## Setup: Create a path at the root as ./Private/Data, and move the shared CSV dataset files into this path. The same directory has been gitignored to preserve data integrity. Once this has been completed, the cells can be run in order to create a single pandas dataframe with all the company data, which is then saved as a single master CSV file

## Please do NOT edit this notebook unless you want to modify the data retrival process. For approaches to use this data to predict valuations/other metrics, please create separate notebooks in this same master directory. This notebook is inteded for data retrieval and data cleaning alone

## Please also do not uncomment commented lines and then commit changes without re-commenting these lines. The lines have been commented in order to preserve data integrity, as this is a public repository.

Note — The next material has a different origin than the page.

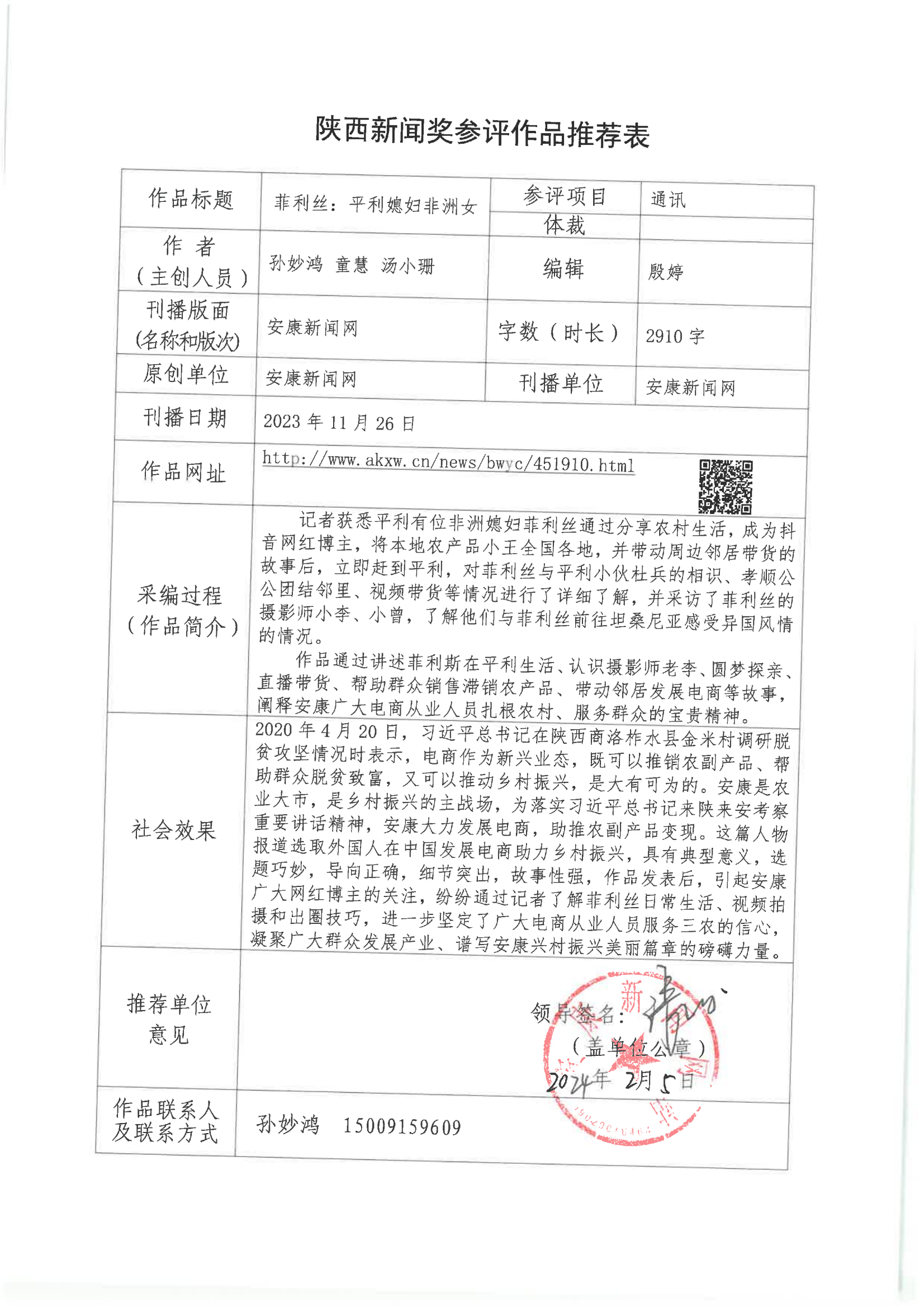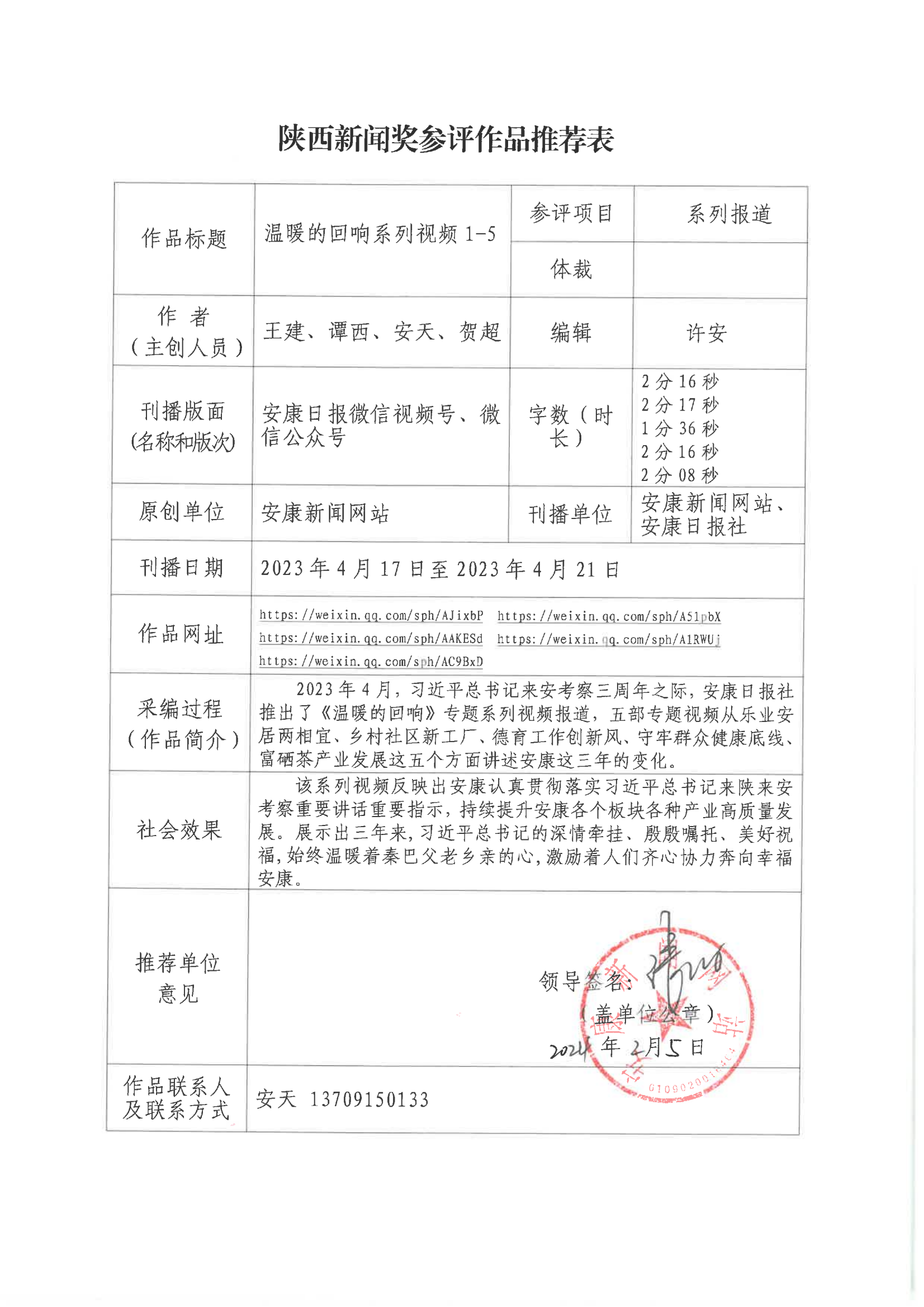 經(jīng)過1月30日編委會推薦、社黨委研究決定,擬推薦以下4件新聞作品參評2023年度“陜西新聞獎”。公示時間從2024年3月6日至2024年3月12日,公示期為5個工作日。如有不同意見,請向安康日報社機關(guān)紀委、新聞管理部反映。

## For more information about this project/access to the data, please contact LionBase at https://lionbase.nyc/

In [1]:
# Standard Imports
import pandas as pd
#import matplotlib.pyplot as plt
#import numpy as np
%matplotlib inline

path = './Private/Data/'
file_names = ['Financials.csv','MarketData.csv','Profiles.csv']

In [2]:
financial_frame = pd.read_csv(path+file_names[0])
market_frame = pd.read_csv(path+file_names[1])
profile_frame = pd.read_csv(path+file_names[2])

#Dropping all the source columns, this data is not relevant 
financial_frame.drop(['Source','Source.1','Source.2','Source.3','Source.4','Source.5','Source.6'],axis=1, inplace=True)
market_frame.drop(['Source','Source.1','Source.2', 'Source.3', 'Source.4', 'Source.5', 'Source.6', 'Source.7'],axis=1, inplace=True)
profile_frame.drop(['Source','Source.1','Source.2', 'Source.3', 'Source.4', 'Source.5', 'Source.6'],axis=1, inplace=True)

#financial_frame.head()
#market_frame.head()
#profile_frame.head()

In [3]:
master_frame = pd.concat([financial_frame,market_frame, profile_frame], axis=1)

In [4]:
def clean_ticker(old_ticker):
    old_ticker=str(old_ticker)
    if(old_ticker=='nan'):
        return "N/A"
    hyphen_index = old_ticker.find('-')
    if(hyphen_index==-1):
        return old_ticker
    new_ticker = old_ticker[0:hyphen_index]
    return new_ticker

In [5]:
master_frame.columns = master_frame.columns.str.strip().str.lower().str.replace(' ', '_').str.replace('(', '').str.replace(')', '')
master_frame.drop(['name'],axis=1,inplace=True)
master_frame.drop(['cusip'],axis=1,inplace=True)
master_frame['quote_symbol'] = master_frame['quote_symbol'].apply(clean_ticker)
#master_frame.head()

### List of features avalible in the dataset

In [6]:
feature_list = list(master_frame.columns.values)
for feature in feature_list:
    print(feature)
print('\n')
print("Number of elements:{}".format(len(master_frame)))

mastercsv = path+'MasterDataset.csv'

current_sales
current_ebitda
current_ebit
current_net_income
current_total_assets
current_total_liabilities
current_market_cap_usd
current_price_close
current_pe_ratio
actual_eps
current_price_/_cash
current_price_/_sales
dividend_yield
quote_symbol
sedol
country
exchange
primary_sic_code


Number of elements:4577


In [7]:
#Save dataframe to CSV file
master_frame.to_csv(mastercsv, sep='\t', encoding='utf-8')

## This dataset is now ready to be used in a separate notebook, in order to analyse and predict trends of companies.